KF: Welche Vorstellung hattest du vom Westen im Iran und wie ist jetzt die Realität im Exil für dich?

Ayda: Die Freiheit, die ich in Europa habe, entspricht dem, was ich mir vorgestellt habe. Manchmal übertrifft diese Freiheit meine Erwartungen, weil ich die Erfahrung, in einer freien Gesellschaft zu leben, im Iran nicht gemacht habe. Ich sehe nun in der Realität die vielen Möglichkeiten, beispielsweise, wie man sich frei bewegen oder auch leben kann, und das gefällt mir sehr. Allerdings war es nicht meine freie Wahl, den Iran zu verlassen, sondern es war eine blitzartige Entscheidung.

KF: Welche Hindernisse sind für dich die größten im Exil?

Ayda: Das größte Hindernis ist, dass ich zwar mein eigenes Leben leben kann, gleichzeitig gibt es aber einen sehr starken Konkurrenzkampf. Das muss einem bewusst sein, wenn man im Westen lebt. Es gibt auch im Umgang der Menschen untereinander Unterschiede. Ich habe aber kein Problem mit dieser eher direkten Art zu kommunizieren des Westens, wo man nicht so viel durch die Blume sagt wie im Iran. Ich finde es gut, wenn jemand mir gegenüber Kritik direkt äußert und ich versuche diese Kritik, wenn sie gerechtfertigt ist, anzunehmen und mich zu ändern. Ich habe im Westen auch sehr gute Menschen kennengelernt und konnte meine Träume verwirklichen.

KF: Hast du im Exil im Westen die Freiheit gefunden, die dir als Frau im Iran verwehrt wurde?

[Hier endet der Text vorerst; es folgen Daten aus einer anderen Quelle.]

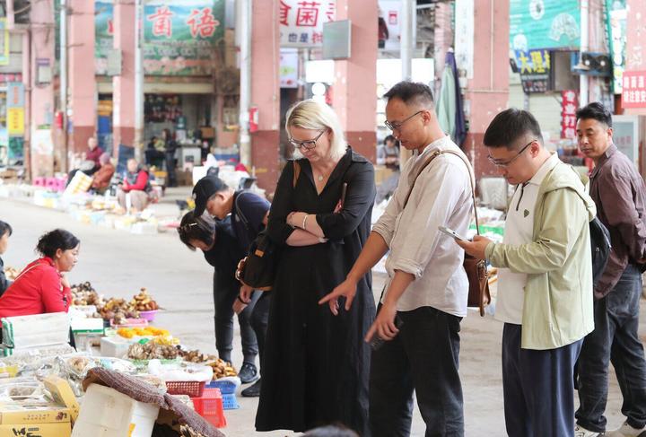 外国游客探访云南木水花野生菌交易中心。记者 杨峥 摄
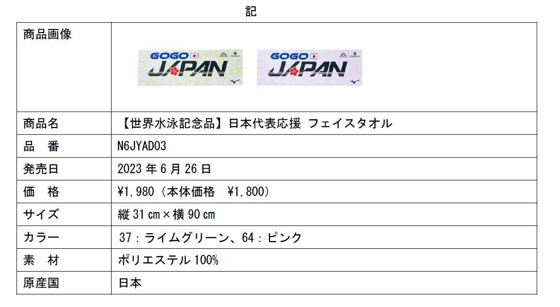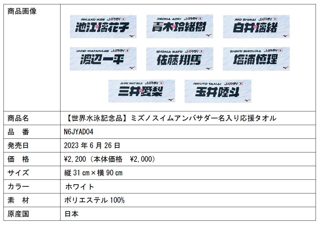 ミズノは、「世界水泳選手権2023福岡大会」(2023年7月14日~7月30日開催)に出場する日本代表選手応援グッズを6月26日からミズノ公式オンライン及び一部直営店(ミズノプラス福岡三越店など)で販売します。応援グッズはミズノブランドアンバサダーの池江璃花子選手など日本代表選手の名前やJAPANのロゴをデザインした、熱い応援にぴったりの冷感タオルとなります。
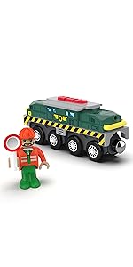 The power train run automatically on the wooden tracks that working with all major brands railway system, compatible with Thomas & Friends, Brio, Chuggington, Kidkraft and more.
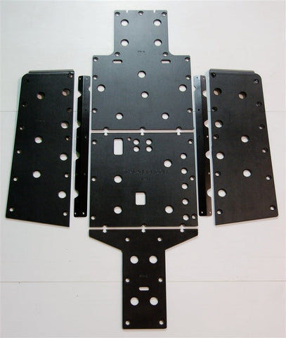 Trail Armor's full skid plate set for the Honda Pioneer 700-4. Made from 1/2" supertough polymer, these plastic skids absorb shock to the bottom of the vehicle with no dents or rust and are lighter than traditional metal skids. Strategically placed drain holes allow dirt and debris to wash out - you don't have to remove them to clean out the belly your vehicle. This skid set also features a convenient oil drain access panel and access to the oil filter. Skids come in easy to install jointed sections that cover the full length and breadth of the vehicle, including the front and rear differential. Integrated side skids help protect outer floor board and rocker panel edges. Mounting hardware and instructions included. A-arm guards shown in picture are sold separately, see product TA011ARMIMP-HP700. Fits years 2014 - 2024.

Ayda: Ich kann für mich mit Sicherheit sagen, dass ich im Exil die Freiheit gefunden habe und glücklich bin, in einem Land zu leben, wo der Wert einer Frau respektiert wird. In meiner Heimat ist das anders. Nur in meinem Model-Job habe ich im Iran Freiheit gefühlt, viele haben aber aus Angst diese Arbeit aufgegeben. Viele Menschen im Westen können ihre Freiheit nicht wertschätzen, weil sie keine solchen Erfahrungen wie ich im Iran gemacht haben. 

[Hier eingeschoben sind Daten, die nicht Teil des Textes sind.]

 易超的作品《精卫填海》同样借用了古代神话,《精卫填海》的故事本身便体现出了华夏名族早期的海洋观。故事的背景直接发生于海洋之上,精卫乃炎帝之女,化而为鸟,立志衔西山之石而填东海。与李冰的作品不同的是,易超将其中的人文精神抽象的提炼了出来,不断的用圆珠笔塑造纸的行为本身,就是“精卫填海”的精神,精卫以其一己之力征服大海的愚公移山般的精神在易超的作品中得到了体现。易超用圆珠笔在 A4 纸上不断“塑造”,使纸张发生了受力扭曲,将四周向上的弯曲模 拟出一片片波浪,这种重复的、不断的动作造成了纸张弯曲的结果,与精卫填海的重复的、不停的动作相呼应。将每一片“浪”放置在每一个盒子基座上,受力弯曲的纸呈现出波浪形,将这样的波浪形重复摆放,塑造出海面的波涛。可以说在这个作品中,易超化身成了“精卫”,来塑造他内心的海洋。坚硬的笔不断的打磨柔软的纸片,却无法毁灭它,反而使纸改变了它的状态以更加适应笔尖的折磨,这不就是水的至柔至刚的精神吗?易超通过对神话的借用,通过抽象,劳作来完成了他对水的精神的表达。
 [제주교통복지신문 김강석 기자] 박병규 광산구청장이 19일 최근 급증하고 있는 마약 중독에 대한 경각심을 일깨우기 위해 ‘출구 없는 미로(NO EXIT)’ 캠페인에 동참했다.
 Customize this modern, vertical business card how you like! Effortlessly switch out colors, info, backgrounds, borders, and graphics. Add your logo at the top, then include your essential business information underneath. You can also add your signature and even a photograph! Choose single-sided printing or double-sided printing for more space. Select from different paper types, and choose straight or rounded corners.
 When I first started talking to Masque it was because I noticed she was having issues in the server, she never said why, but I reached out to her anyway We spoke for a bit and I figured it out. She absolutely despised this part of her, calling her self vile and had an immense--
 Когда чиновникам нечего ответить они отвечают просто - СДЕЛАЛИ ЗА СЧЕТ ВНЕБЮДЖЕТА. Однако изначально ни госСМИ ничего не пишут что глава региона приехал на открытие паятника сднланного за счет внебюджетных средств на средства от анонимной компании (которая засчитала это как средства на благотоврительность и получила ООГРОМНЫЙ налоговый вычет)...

KF: Wenn du Dein Spiegelbild betrachtest; erkennst du dann, wer du selbst bist oder was andere in dir sehen sollen?

Ayda: Ich weiß nicht, ob andere Menschen mich so sehen, wie ich mich sehe; nämlich, dass ich eine moderne Frau mit freiem Geist bin, die so lebt, wie sie möchte. Die Basis, auf der bestimmte Gedanken und Urteile entstehen, ist von Mensch zu Mensch sehr unterschiedlich; jede Meinung eines Menschen beruht immer auf dessen persönlicher Basis. Im besten Fall sehen mich andere so, wie ich mich sehe und nicht anders. 

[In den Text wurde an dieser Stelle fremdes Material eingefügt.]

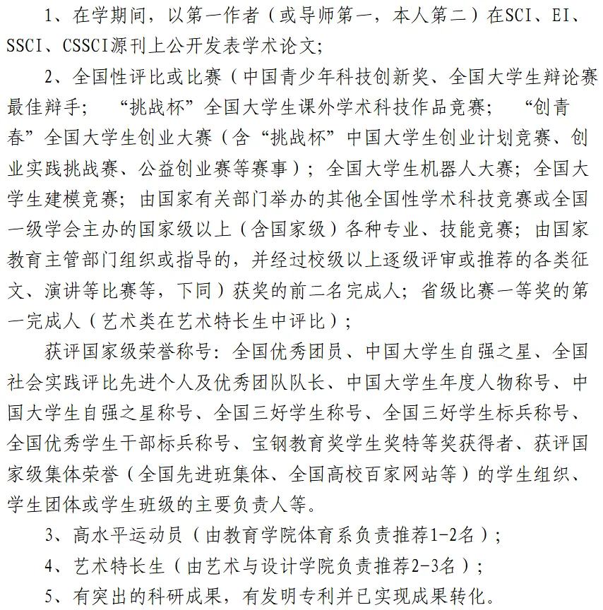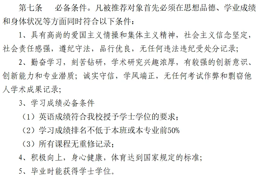 其中,对有特殊专长或具有突出培养潜质者,可破格推荐,符合必备条件中第七条的第1、2、4、5款,且至少符合以下条件中的一条,方可申请破格推荐。具体如下:
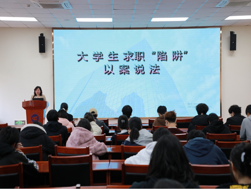 文律师围绕求职就业主题,从常见劳动法律知识入手,就大学生求职就业存在的常见招聘陷阱、求职过程中的法律风险防范、法律风险的事后救济及应对等各类法律问题进行了深入浅出的讲解。她通过具体事例提醒同学们警惕人才中介陷阱、职业培训陷阱、薪酬陷阱等常见的招聘陷阱,并分析了招聘陷阱产生的原因,提供了解决的途径和有效应对方法。针对大学毕业生社会经验不足,法律知识欠缺,尤其是对劳动合同法相关知识缺失的实际,她建议同学们要加强就业法律知识储备,提高是非的辨别能力和自我保护的能力。
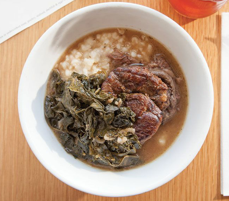 - In a bowl, add the Grits, Braised Pork, and stock. Garnish with either grilled onions or a heavy braising green such as black kale.
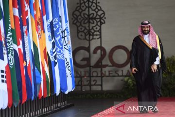 Putra Mahkota Arab Saudi Pangeran Mohammed bin Salman tiba di lokasi KTT G20 di Nusa Dua, Bali, Selasa (15/11/2022). ANTARA FOTO/Media Center G20 Indonesia/Akbar Nugroho Gumay/aww.

Ich möchte mein Leben leben und andere sollten diese Stärke auch anerkennen. Wer über mich etwas denkt oder sagt, das nicht meiner Persönlichkeit entspricht und wie ich mich sehe, sagt das mehr über den Charakter dieser Person aus. Wenn mich zum Beispiel eine religiöse Person sieht, kann es passieren, dass diese Person mich als Frau abwertet und beleidigt. Aber wenn jemand eher modern und ein freier Geist ist, dann sieht er mich nicht negativ. Diese negative oder positive Sicht hängt immer vom Betrachter ab und hat nichts mit mir zu tun, weil ich weiß, wer ich bin.